• **YOUR OBJECTIVE**
The output must match the lines from the first line of the listing below through the line holding "I found this" exactly and must contain no pictures.

• **GIVEN RECORDS**
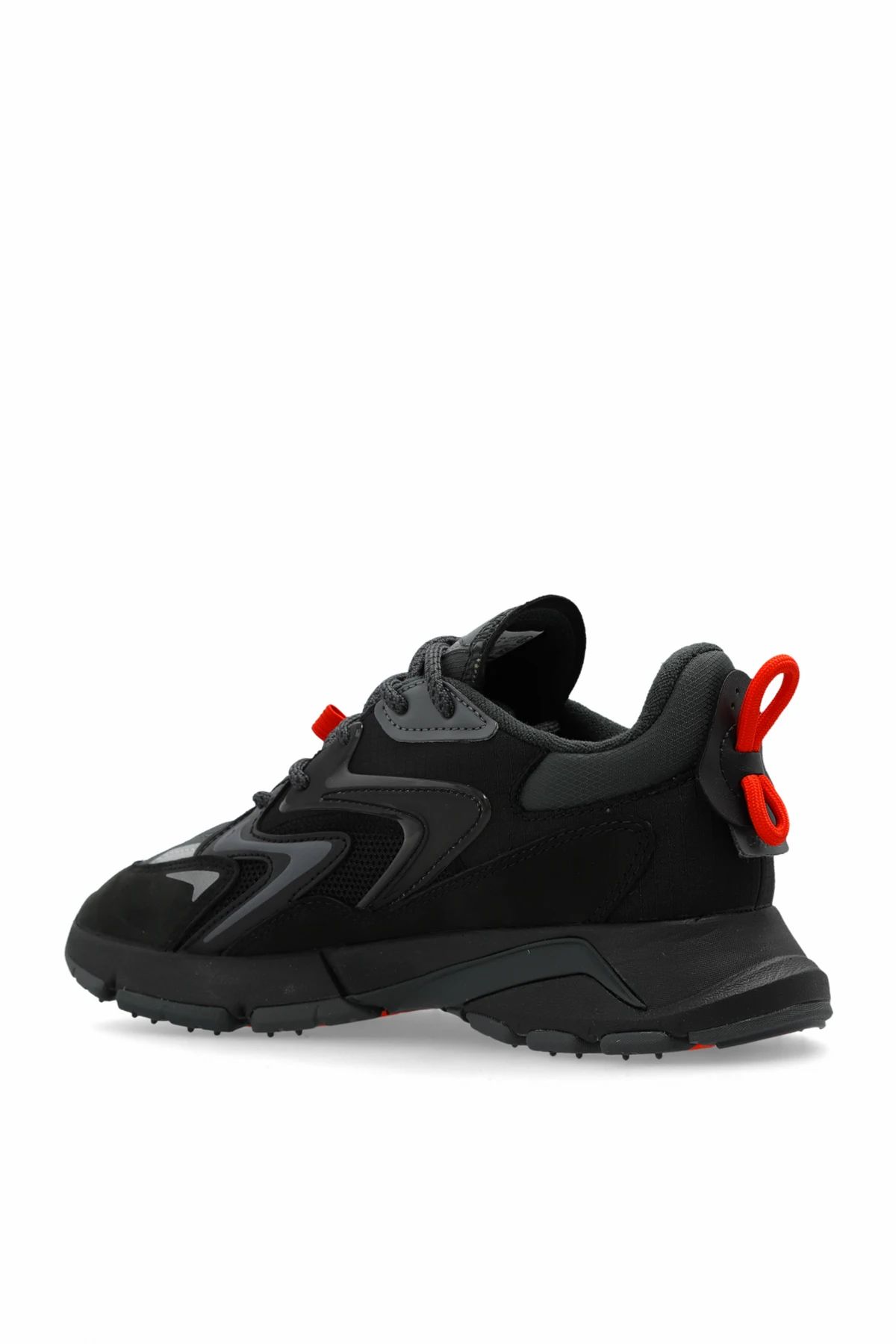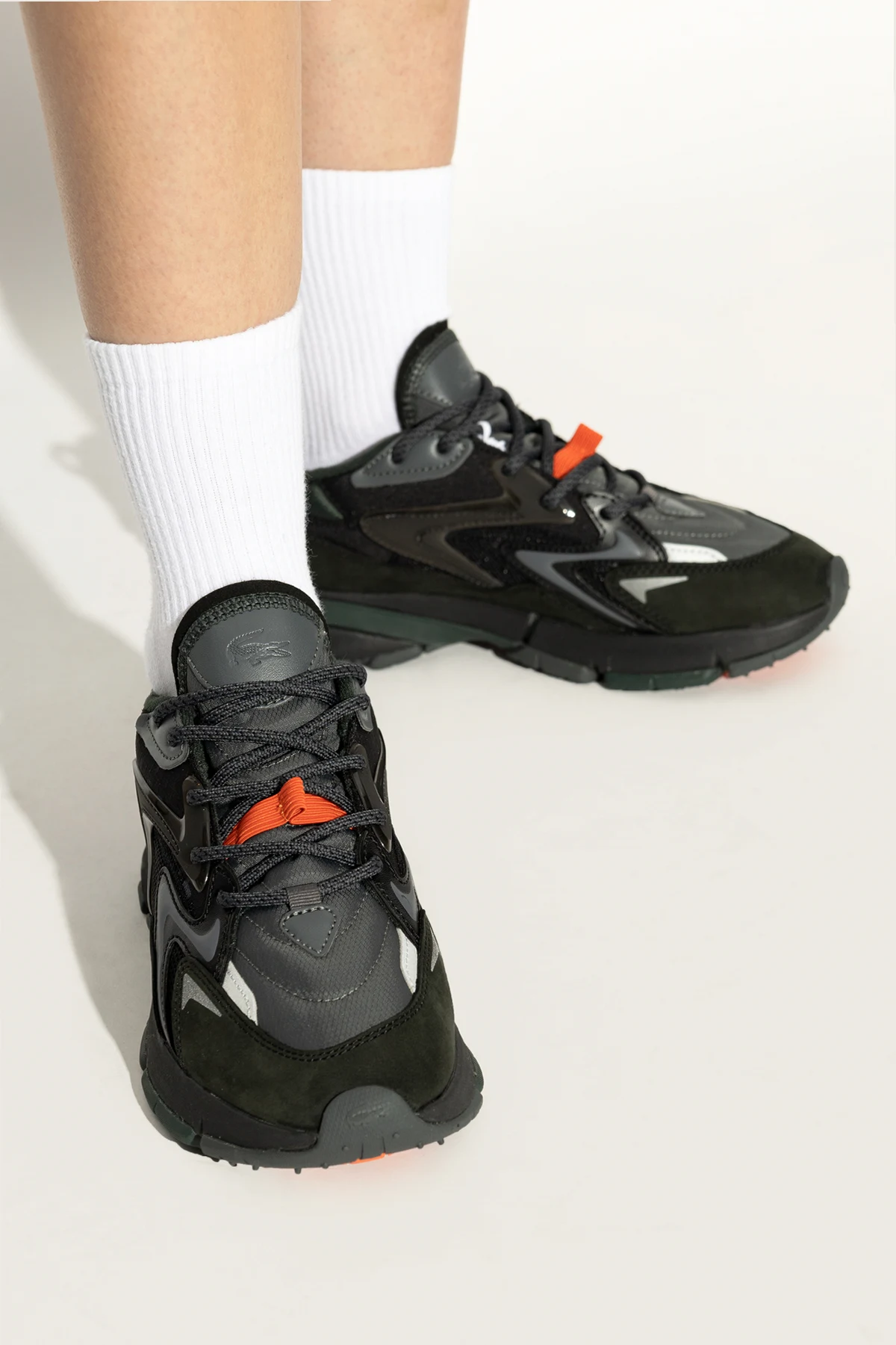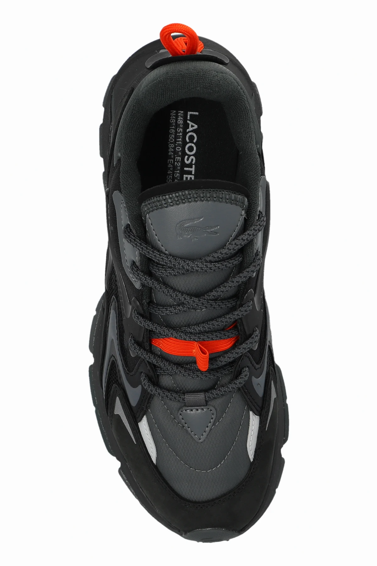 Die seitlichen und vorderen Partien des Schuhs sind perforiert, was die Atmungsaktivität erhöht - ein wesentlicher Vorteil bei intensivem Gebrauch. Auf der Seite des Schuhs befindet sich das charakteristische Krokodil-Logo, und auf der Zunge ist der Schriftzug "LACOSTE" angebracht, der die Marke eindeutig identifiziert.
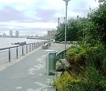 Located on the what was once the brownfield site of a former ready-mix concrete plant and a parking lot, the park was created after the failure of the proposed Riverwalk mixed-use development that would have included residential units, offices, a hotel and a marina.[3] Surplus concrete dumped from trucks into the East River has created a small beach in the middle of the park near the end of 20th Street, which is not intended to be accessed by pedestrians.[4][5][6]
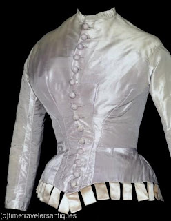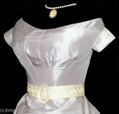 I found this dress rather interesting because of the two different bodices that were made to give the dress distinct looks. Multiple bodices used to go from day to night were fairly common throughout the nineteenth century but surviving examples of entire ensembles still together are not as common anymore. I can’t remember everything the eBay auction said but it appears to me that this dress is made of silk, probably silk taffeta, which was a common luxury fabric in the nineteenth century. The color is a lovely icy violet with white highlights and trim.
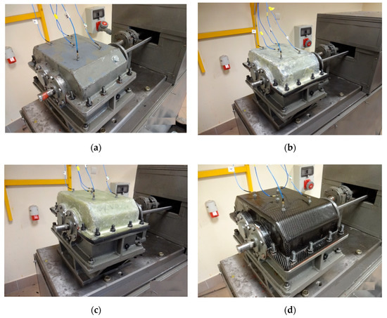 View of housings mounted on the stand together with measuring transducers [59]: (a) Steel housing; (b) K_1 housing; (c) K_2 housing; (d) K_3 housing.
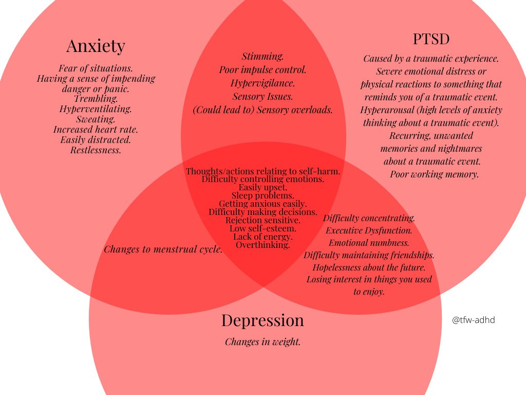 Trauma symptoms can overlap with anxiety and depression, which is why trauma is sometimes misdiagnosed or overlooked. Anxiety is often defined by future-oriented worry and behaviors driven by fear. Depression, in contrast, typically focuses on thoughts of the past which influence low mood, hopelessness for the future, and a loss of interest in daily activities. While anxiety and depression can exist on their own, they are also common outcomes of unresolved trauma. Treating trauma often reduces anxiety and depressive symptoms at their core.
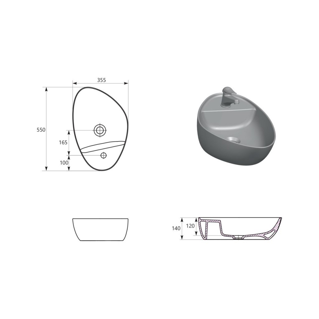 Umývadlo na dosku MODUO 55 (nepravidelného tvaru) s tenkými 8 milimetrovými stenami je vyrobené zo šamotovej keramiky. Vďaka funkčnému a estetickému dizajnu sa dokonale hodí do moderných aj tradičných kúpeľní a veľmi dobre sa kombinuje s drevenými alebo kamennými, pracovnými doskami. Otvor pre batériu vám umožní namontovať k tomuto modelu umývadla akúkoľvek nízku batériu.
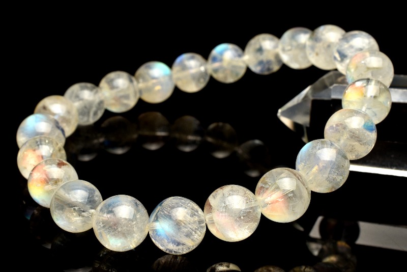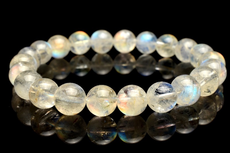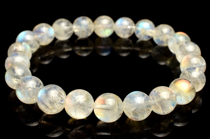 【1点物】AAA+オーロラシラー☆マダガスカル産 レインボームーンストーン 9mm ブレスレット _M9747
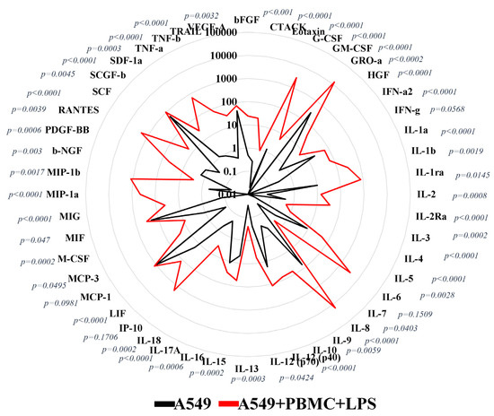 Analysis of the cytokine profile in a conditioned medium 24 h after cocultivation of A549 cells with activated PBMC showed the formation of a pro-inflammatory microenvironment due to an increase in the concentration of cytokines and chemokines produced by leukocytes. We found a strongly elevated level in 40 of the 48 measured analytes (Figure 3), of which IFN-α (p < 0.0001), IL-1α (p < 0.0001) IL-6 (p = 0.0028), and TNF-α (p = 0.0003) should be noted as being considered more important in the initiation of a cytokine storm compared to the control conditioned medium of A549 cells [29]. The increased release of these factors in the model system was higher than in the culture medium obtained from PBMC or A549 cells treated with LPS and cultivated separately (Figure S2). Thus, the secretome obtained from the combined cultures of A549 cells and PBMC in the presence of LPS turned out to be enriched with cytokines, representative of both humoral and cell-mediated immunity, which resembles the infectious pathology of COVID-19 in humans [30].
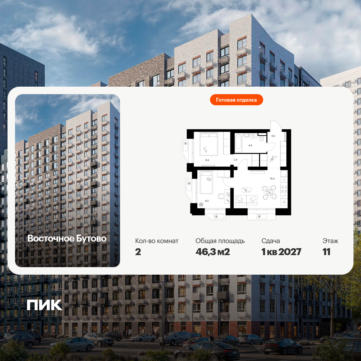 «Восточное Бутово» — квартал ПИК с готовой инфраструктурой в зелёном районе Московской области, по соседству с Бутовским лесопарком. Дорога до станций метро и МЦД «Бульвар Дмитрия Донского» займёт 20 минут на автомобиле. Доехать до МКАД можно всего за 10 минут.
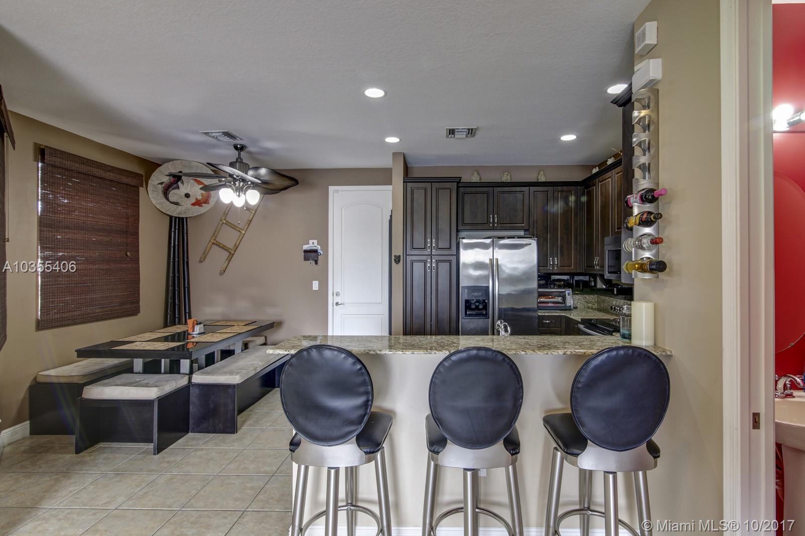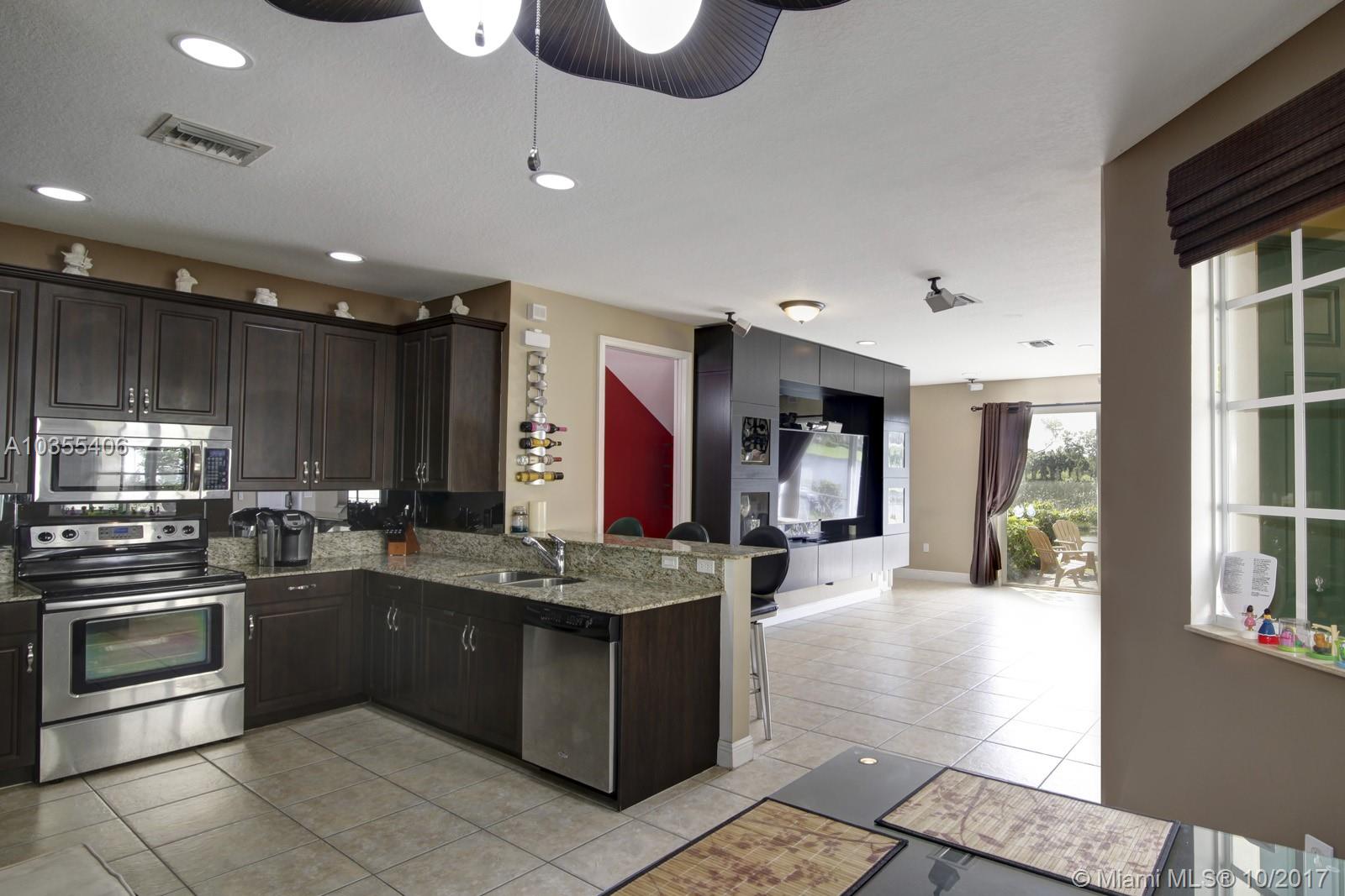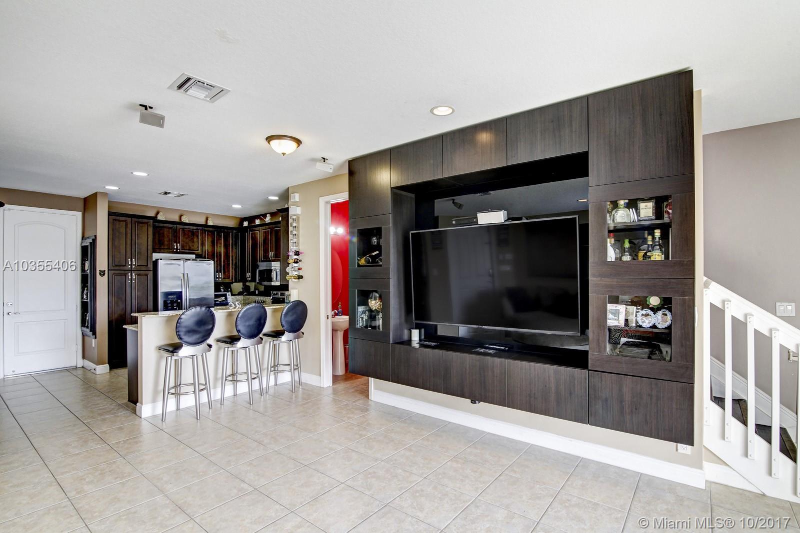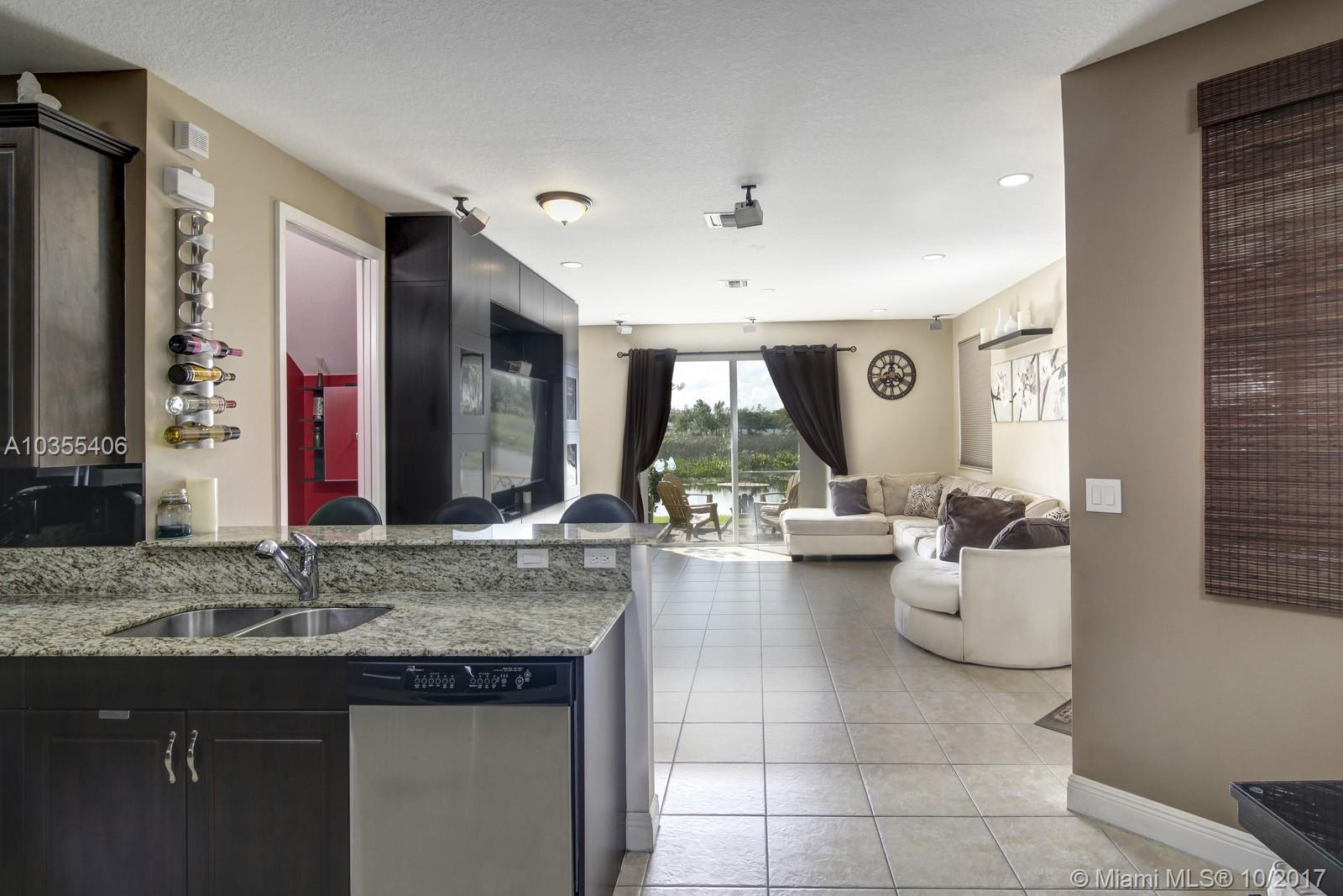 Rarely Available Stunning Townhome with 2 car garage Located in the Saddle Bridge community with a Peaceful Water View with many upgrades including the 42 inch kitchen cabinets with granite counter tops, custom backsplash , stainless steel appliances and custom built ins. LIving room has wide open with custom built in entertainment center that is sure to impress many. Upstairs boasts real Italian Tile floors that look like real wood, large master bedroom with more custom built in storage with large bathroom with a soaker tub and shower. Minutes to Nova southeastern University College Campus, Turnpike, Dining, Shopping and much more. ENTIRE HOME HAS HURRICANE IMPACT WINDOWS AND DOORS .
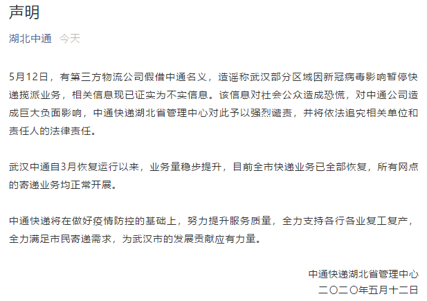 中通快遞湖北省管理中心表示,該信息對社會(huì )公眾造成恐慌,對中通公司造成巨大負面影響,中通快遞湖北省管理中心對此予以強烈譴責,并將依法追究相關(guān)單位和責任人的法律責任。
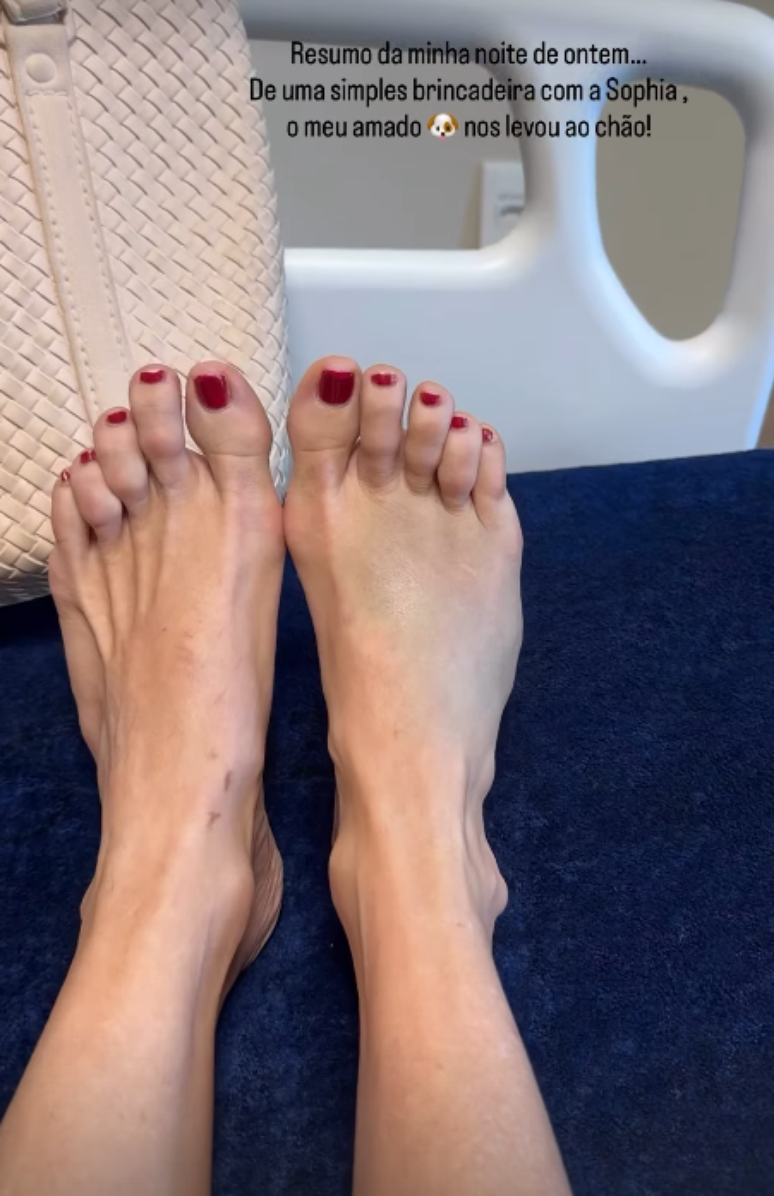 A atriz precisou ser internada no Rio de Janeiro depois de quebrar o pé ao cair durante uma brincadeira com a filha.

• **OUTPUT**
 Die seitlichen und vorderen Partien des Schuhs sind perforiert, was die Atmungsaktivität erhöht - ein wesentlicher Vorteil bei intensivem Gebrauch. Auf der Seite des Schuhs befindet sich das charakteristische Krokodil-Logo, und auf der Zunge ist der Schriftzug "LACOSTE" angebracht, der die Marke eindeutig identifiziert.
 Located on the what was once the brownfield site of a former ready-mix concrete plant and a parking lot, the park was created after the failure of the proposed Riverwalk mixed-use development that would have included residential units, offices, a hotel and a marina.[3] Surplus concrete dumped from trucks into the East River has created a small beach in the middle of the park near the end of 20th Street, which is not intended to be accessed by pedestrians.[4][5][6]
 I found this dress rather interesting because of the two different bodices that were made to give the dress distinct looks. Multiple bodices used to go from day to night were fairly common throughout the nineteenth century but surviving examples of entire ensembles still together are not as common anymore. I can’t remember everything the eBay auction said but it appears to me that this dress is made of silk, probably silk taffeta, which was a common luxury fabric in the nineteenth century. The color is a lovely icy violet with white highlights and trim.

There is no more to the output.